(SUPPLIED DATA)
= Beginning of Section =

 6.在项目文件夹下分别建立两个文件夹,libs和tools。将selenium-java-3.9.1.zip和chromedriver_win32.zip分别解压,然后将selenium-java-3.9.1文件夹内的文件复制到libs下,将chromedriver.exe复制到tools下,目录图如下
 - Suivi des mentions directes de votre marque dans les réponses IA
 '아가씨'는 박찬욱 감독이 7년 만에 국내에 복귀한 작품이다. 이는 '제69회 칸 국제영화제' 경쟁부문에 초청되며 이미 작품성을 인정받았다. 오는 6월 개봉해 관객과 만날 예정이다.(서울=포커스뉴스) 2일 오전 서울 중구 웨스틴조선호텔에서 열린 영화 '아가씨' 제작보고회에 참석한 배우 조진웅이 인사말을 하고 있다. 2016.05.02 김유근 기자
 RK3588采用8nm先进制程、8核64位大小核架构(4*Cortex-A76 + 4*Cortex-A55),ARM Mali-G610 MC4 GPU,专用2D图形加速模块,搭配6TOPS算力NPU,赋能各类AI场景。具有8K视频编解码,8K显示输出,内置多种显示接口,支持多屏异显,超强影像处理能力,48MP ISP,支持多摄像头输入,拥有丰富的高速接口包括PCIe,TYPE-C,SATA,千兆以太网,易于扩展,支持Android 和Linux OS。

= End of Section =
= Beginning of Section =

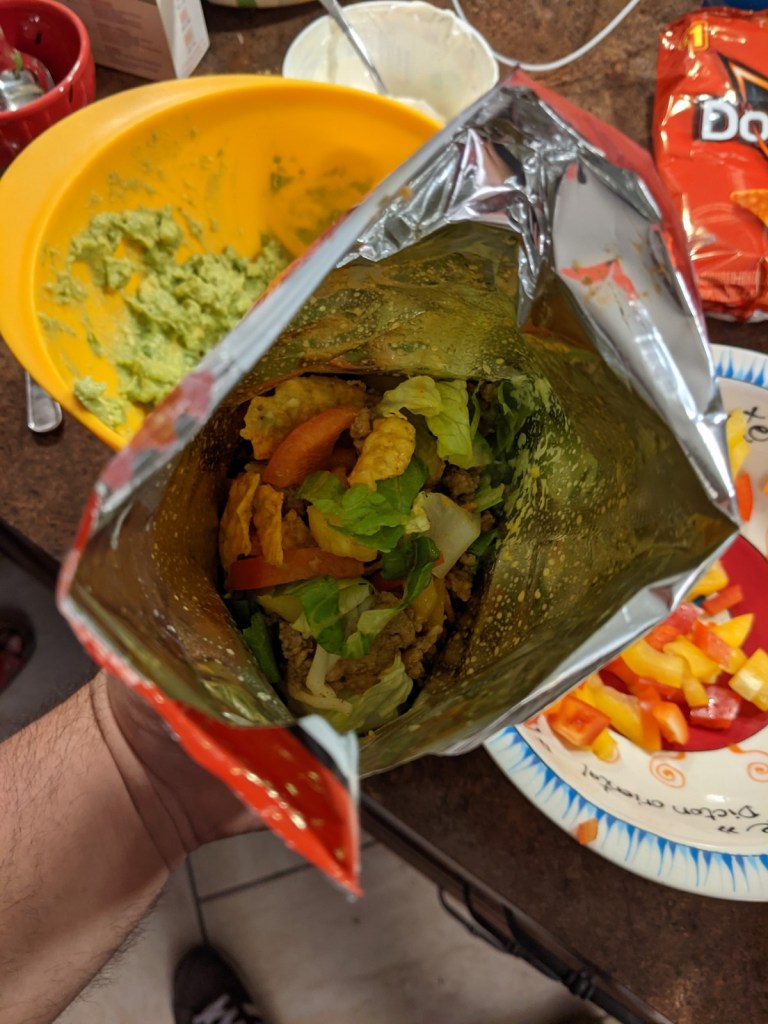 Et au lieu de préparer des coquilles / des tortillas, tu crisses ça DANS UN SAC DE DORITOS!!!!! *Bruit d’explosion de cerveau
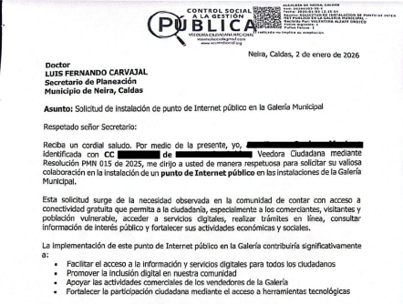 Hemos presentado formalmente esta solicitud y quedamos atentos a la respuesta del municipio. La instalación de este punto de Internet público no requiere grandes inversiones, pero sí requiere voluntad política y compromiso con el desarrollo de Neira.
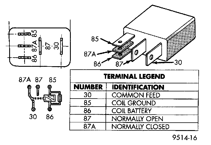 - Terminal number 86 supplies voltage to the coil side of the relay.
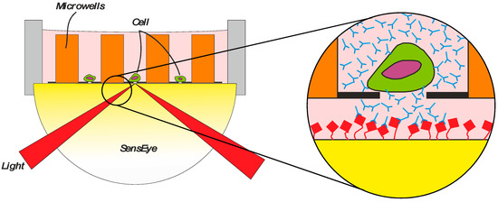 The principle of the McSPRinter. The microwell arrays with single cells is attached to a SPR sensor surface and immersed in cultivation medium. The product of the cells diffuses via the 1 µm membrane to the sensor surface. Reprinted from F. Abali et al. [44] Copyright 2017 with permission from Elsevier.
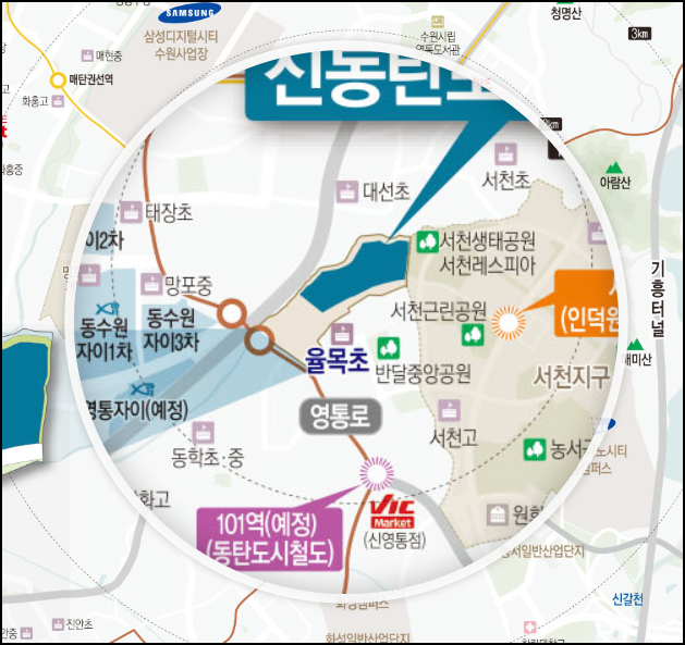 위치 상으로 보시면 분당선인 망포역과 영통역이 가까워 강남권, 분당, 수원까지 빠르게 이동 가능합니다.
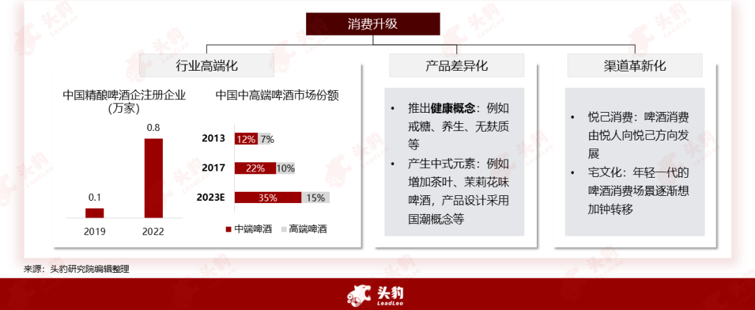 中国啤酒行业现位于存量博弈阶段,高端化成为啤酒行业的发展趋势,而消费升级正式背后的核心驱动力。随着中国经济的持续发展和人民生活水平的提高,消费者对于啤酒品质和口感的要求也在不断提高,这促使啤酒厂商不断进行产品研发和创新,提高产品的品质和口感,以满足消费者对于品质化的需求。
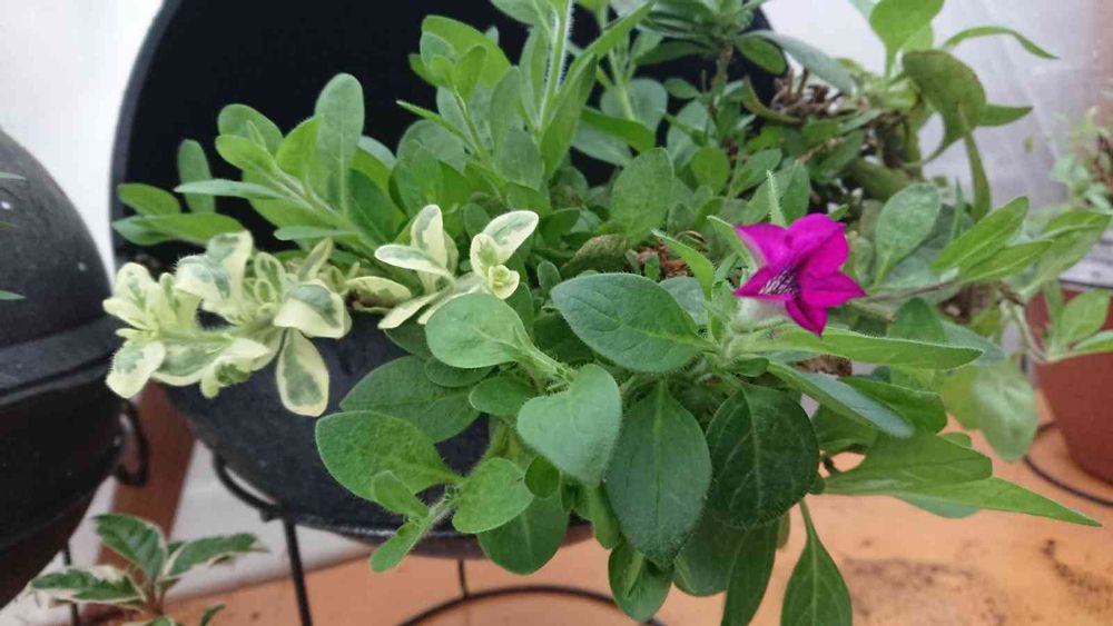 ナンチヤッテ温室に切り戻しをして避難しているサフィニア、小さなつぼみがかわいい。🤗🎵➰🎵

= End of Section =
= Beginning of Section =

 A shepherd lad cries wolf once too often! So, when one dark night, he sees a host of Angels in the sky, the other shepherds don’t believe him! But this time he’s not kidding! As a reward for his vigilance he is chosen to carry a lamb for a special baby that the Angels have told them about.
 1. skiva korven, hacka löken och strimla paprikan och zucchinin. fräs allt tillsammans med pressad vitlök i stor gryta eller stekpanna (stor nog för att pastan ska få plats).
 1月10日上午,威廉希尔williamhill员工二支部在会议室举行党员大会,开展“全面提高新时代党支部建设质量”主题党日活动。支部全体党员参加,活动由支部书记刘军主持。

= End of Section =

(TO DO)
Taking the entries above, extract every line from the one bearing "Hemos presentado formalmente" through the one bearing "ナンチヤッテ温室に切り戻しを", exactly, with no pictures.

(RESULT OF THIS TASK)
 Hemos presentado formalmente esta solicitud y quedamos atentos a la respuesta del municipio. La instalación de este punto de Internet público no requiere grandes inversiones, pero sí requiere voluntad política y compromiso con el desarrollo de Neira.
 - Terminal number 86 supplies voltage to the coil side of the relay.
 The principle of the McSPRinter. The microwell arrays with single cells is attached to a SPR sensor surface and immersed in cultivation medium. The product of the cells diffuses via the 1 µm membrane to the sensor surface. Reprinted from F. Abali et al. [44] Copyright 2017 with permission from Elsevier.
 위치 상으로 보시면 분당선인 망포역과 영통역이 가까워 강남권, 분당, 수원까지 빠르게 이동 가능합니다.
 中国啤酒行业现位于存量博弈阶段,高端化成为啤酒行业的发展趋势,而消费升级正式背后的核心驱动力。随着中国经济的持续发展和人民生活水平的提高,消费者对于啤酒品质和口感的要求也在不断提高,这促使啤酒厂商不断进行产品研发和创新,提高产品的品质和口感,以满足消费者对于品质化的需求。
 ナンチヤッテ温室に切り戻しをして避難しているサフィニア、小さなつぼみがかわいい。🤗🎵➰🎵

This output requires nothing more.